[Opening Supplied data section]

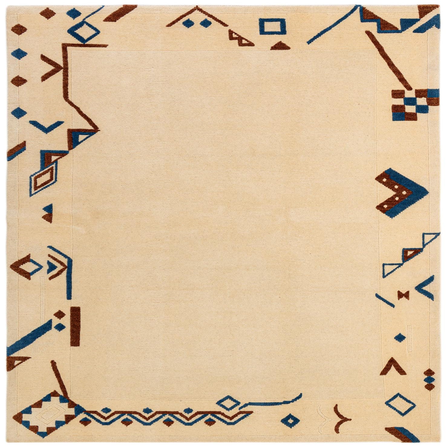 Primary color is Ivory. Colors in this rug include: Ivory, Blue, Brown.
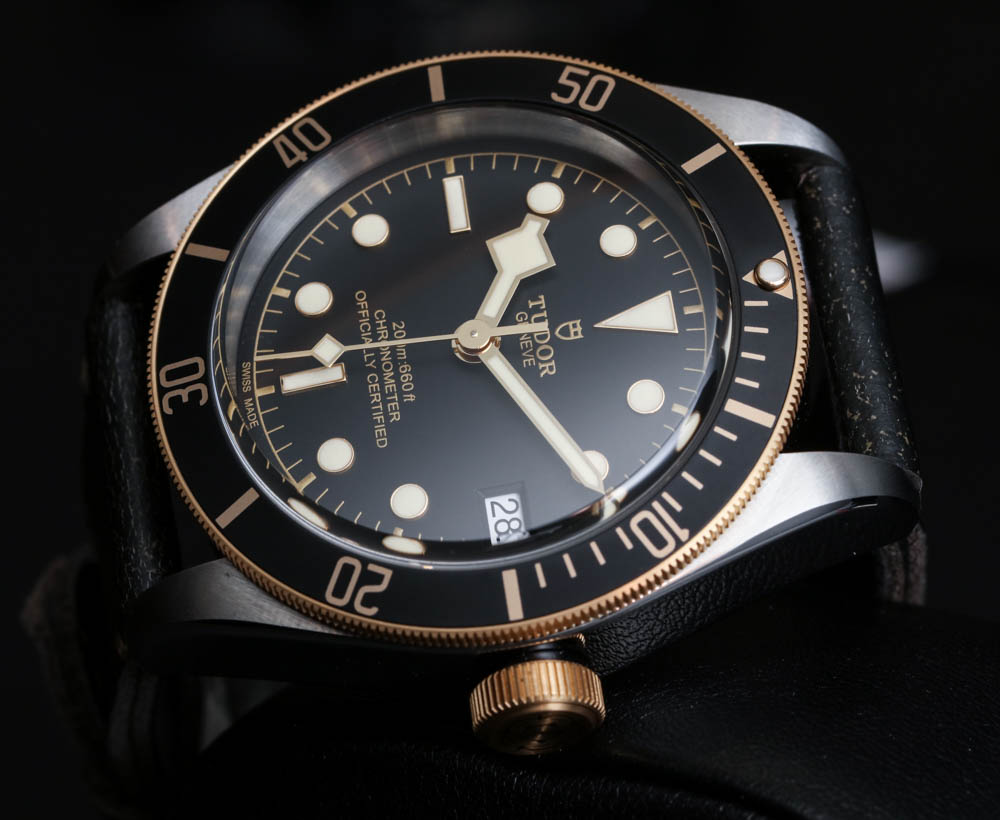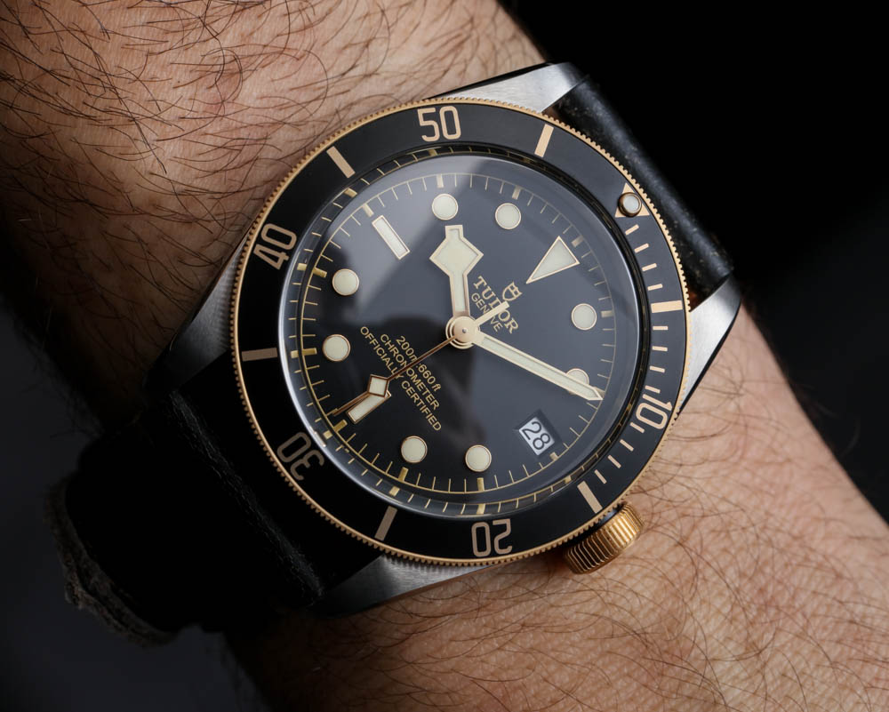 表圈周圍的表殼和表冠也使用了黃金。表圈文字以及表盤上的指針和時標使用了更多的金色。如果您喜歡雙色經典潛水表的外觀,并且買不起 10,000 美元以上的勞力士 Submariner 型號,那么 Tudor Heritage Black Bay S&G 將是您的最佳選擇。在我看來,這樣的雙色外觀(尤其是黑色表盤)非常帥氣和陽剛,但也提供了可喜的閃光度。不,它不適合每個人,但我碰巧非常喜歡它。
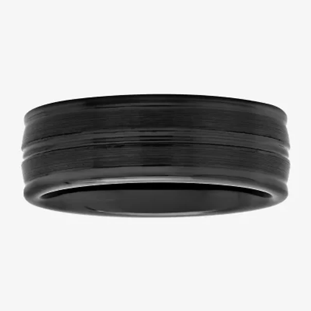 Mens Striped Black Ceramic 8mm Comfort Fit Wedding Band
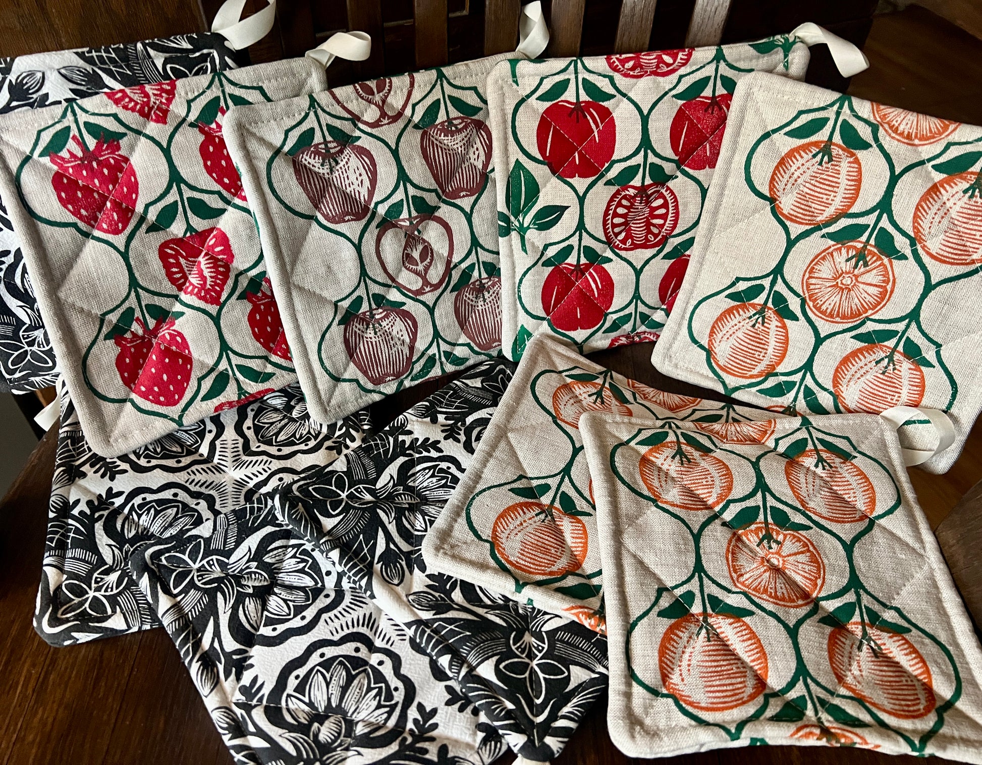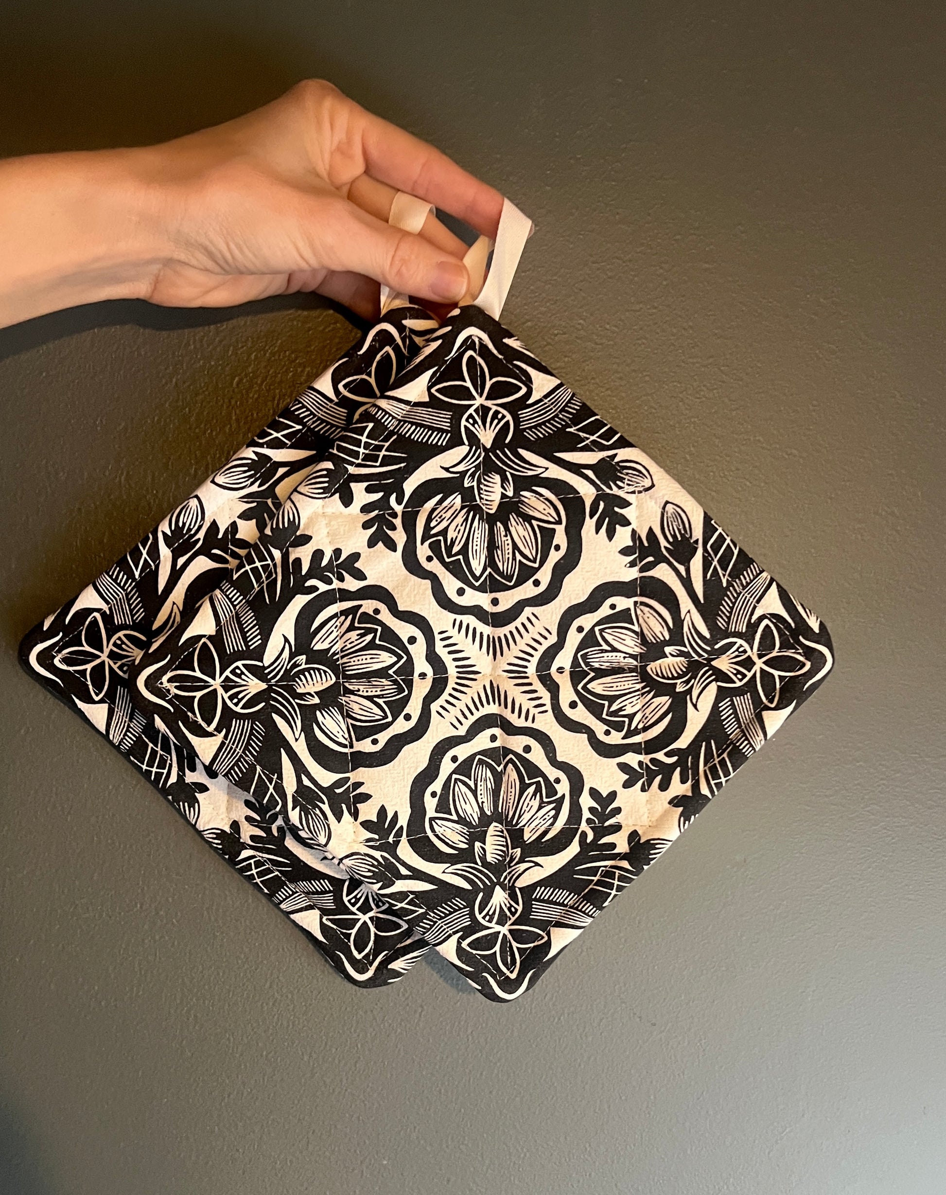 Pot Holder is approximately 7 inches square with a twill hanging loop. Hand Block Printed with original pattern designs on European Linen. The Rosemaling design is silkscreen printed on heavy weight cotton.

[Closing Supplied data section]

### Task objective:
Could the data above be reproduced exactly, with the pictures left out?

### Solution:
 Primary color is Ivory. Colors in this rug include: Ivory, Blue, Brown.
 表圈周圍的表殼和表冠也使用了黃金。表圈文字以及表盤上的指針和時標使用了更多的金色。如果您喜歡雙色經典潛水表的外觀,并且買不起 10,000 美元以上的勞力士 Submariner 型號,那么 Tudor Heritage Black Bay S&G 將是您的最佳選擇。在我看來,這樣的雙色外觀(尤其是黑色表盤)非常帥氣和陽剛,但也提供了可喜的閃光度。不,它不適合每個人,但我碰巧非常喜歡它。
 Mens Striped Black Ceramic 8mm Comfort Fit Wedding Band
 Pot Holder is approximately 7 inches square with a twill hanging loop. Hand Block Printed with original pattern designs on European Linen. The Rosemaling design is silkscreen printed on heavy weight cotton.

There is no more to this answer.